2021-04-19 11:14:40,994+03 INFO  [org.ovirt.engine.core.bll.storage.backup.DeleteVmCheckpointCommand] (default task-86) [fe7dca46-912e-49c0-b664-3d38464d5b10] Redefine previous VM checkpoints for VM '0d688b5a-799d-4f83-956c-0c999afa3461'
2021-04-19 11:14:41,008+03 ERROR [org.ovirt.engine.api.restapi.resource.AbstractBackendResource] (default task-85) [] Operation Failed: [Cannot remove ${type}. The VM is during a checkpoint removal operation.]

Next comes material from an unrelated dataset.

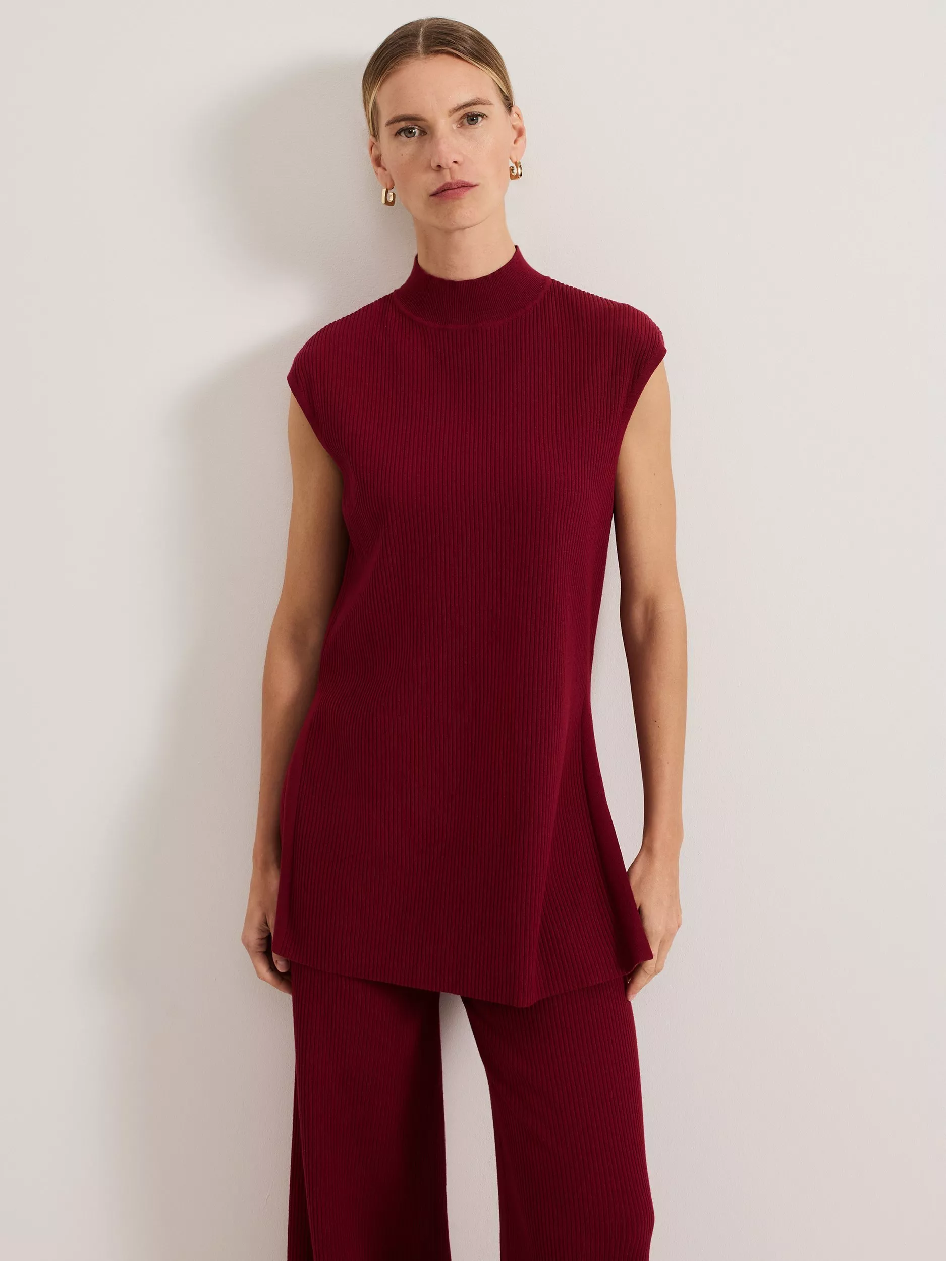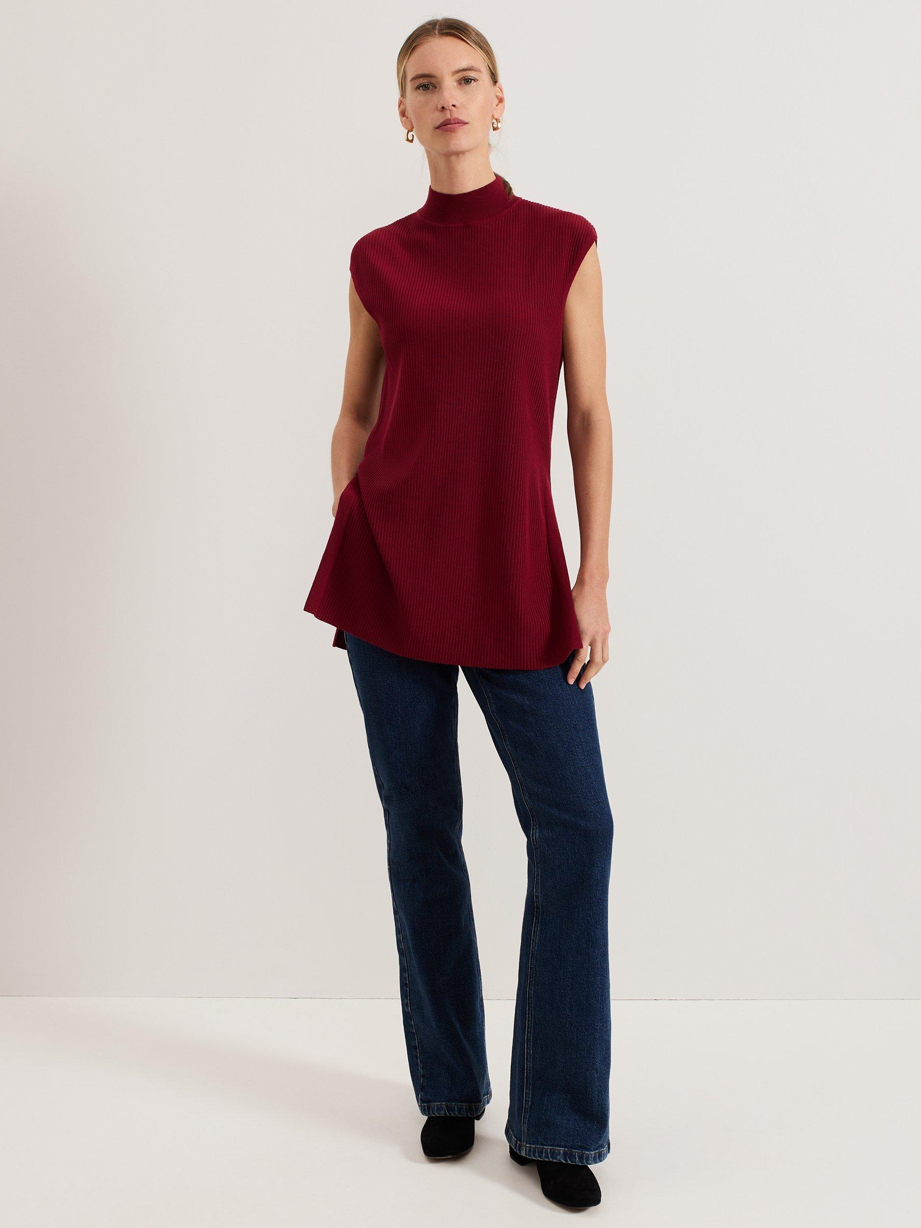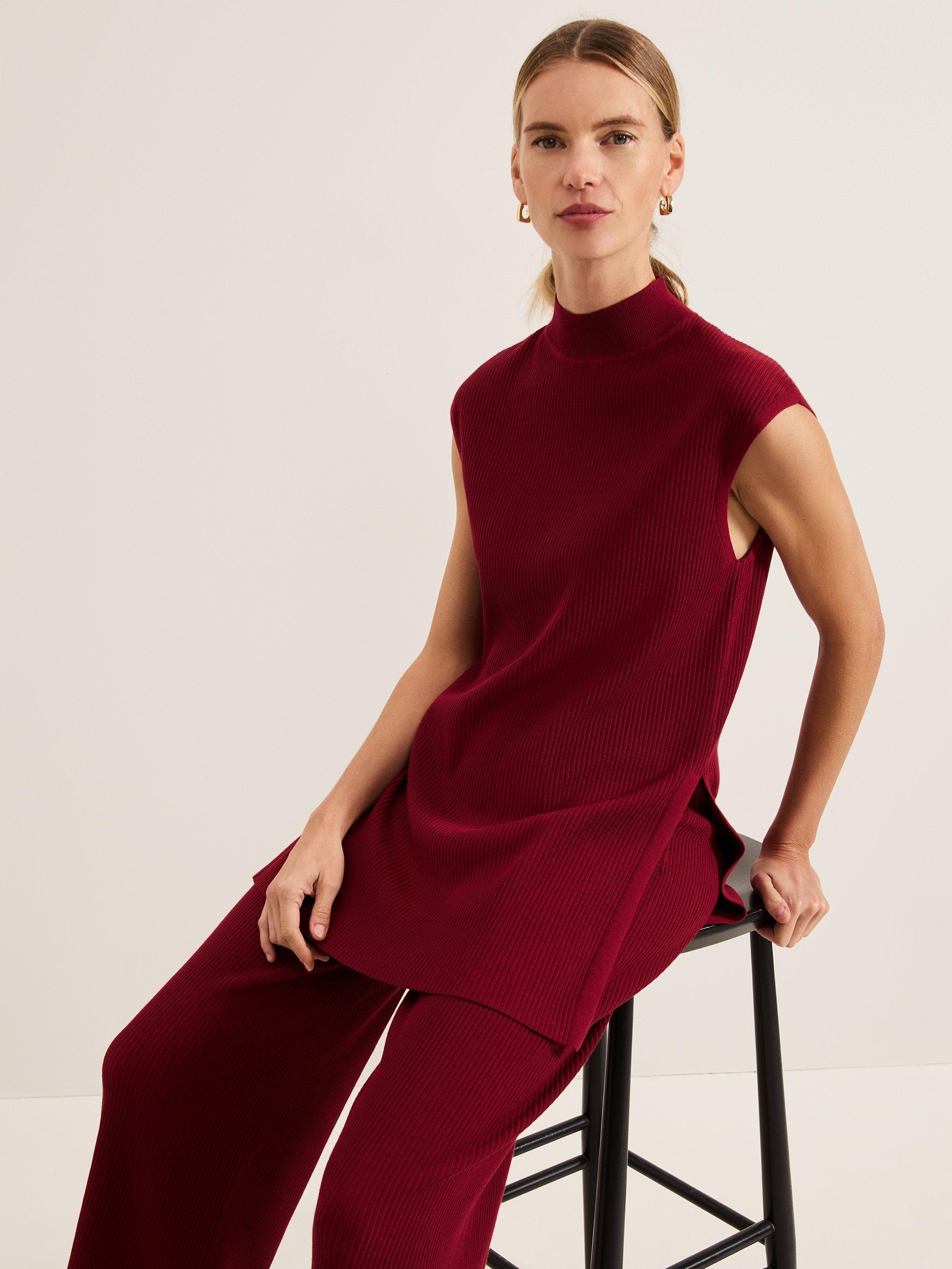 In a rich hue, the Lori tunic is a transitional style hero. The ribbed knitted texture provides a subtle stretch, perfect for wear-all-day comfort, whilst the longline silhouette further relaxes the shape, updated with contemporary side splits.

Comment 5 Sandro Bonazzola 2021-05-05 05:36:08 UTC
This bugzilla is included in oVirt 4.4.6 release, published on May 4th 2021.

Since the problem described in this bug report should be resolved in oVirt 4.4.6 release, it has been closed with a resolution of CURRENT RELEASE.

If the solution does not work for you, please open a new bug report.